点云已经成为虚拟现实和增强现实等高级3D应用的主流代表。然而，点云的海量数据是传输和存储最具挑战性的问题之一。在本文中，我们提出了一种基于点云属性压缩（TSC-PCAC）的端到端体素变换和稀疏卷积的3D广播。首先，我们提出了TSC-PCAC的框架，其中包括基于变压器和稀疏卷积模块（TSCM）的变分自编码器和信道上下文模块。其次，我们提出了一个两阶段的TSCM，其中第一阶段侧重于对点云的局部依赖关系和特征表示进行建模，第二阶段通过包含更大接受域的空间和通道池来捕获全局特征。该模块有效地提取了全局和局部的点间关联，减少了信息冗余。第三，我们设计了一个基于TSCM的信道上下文模块，利用信道间的相关性，改善了量化潜在表示的预测概率分布，从而降低了比特率。实验结果表明，与稀疏pcac、NF-PCAC和G-PCC v23方法相比，TSC-PCAC方法在8iVFB、Owlii、8iVSLF、Volograms和MVUB数据集上的平均比特率分别降低了38.53%、21.30%和11.19%。与Sparse-PCAC相比，编码/解码时间成本平均降低了97.68%/98.78%。源代码和训练过的TSC-PCAC模型可在https://github.com/igizuxo/TSC-PCAC上获得。

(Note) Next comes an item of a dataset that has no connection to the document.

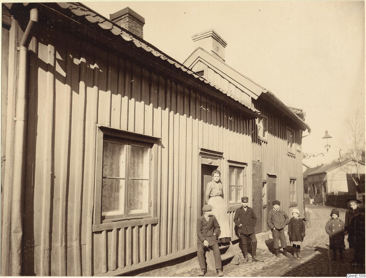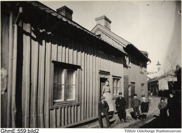 - Gröna gatan, från vänster nr 7 B och 7 A. huset kallas "Skåpet". Utanför huset har familjen som bor där ställt upp för fotografering.

本文章由计算机程序翻译，如有差异，请以英文原文为准。

求助全文

约1分钟内获得全文求助全文

来源期刊

IEEE Transactions on Broadcasting 工程技术-电信学

CiteScore

9.40

自引率

31.10%

发文量

审稿时长

6-12 weeks

期刊介绍： The Society’s Field of Interest is “Devices, equipment, techniques and systems related to broadcast technology, including the production, distribution, transmission, and propagation aspects.” In addition to this formal FOI statement, which is used to provide guidance to the Publications Committee in the selection of content, the AdCom has further resolved that “broadcast systems includes all aspects of transmission, propagation, and reception.”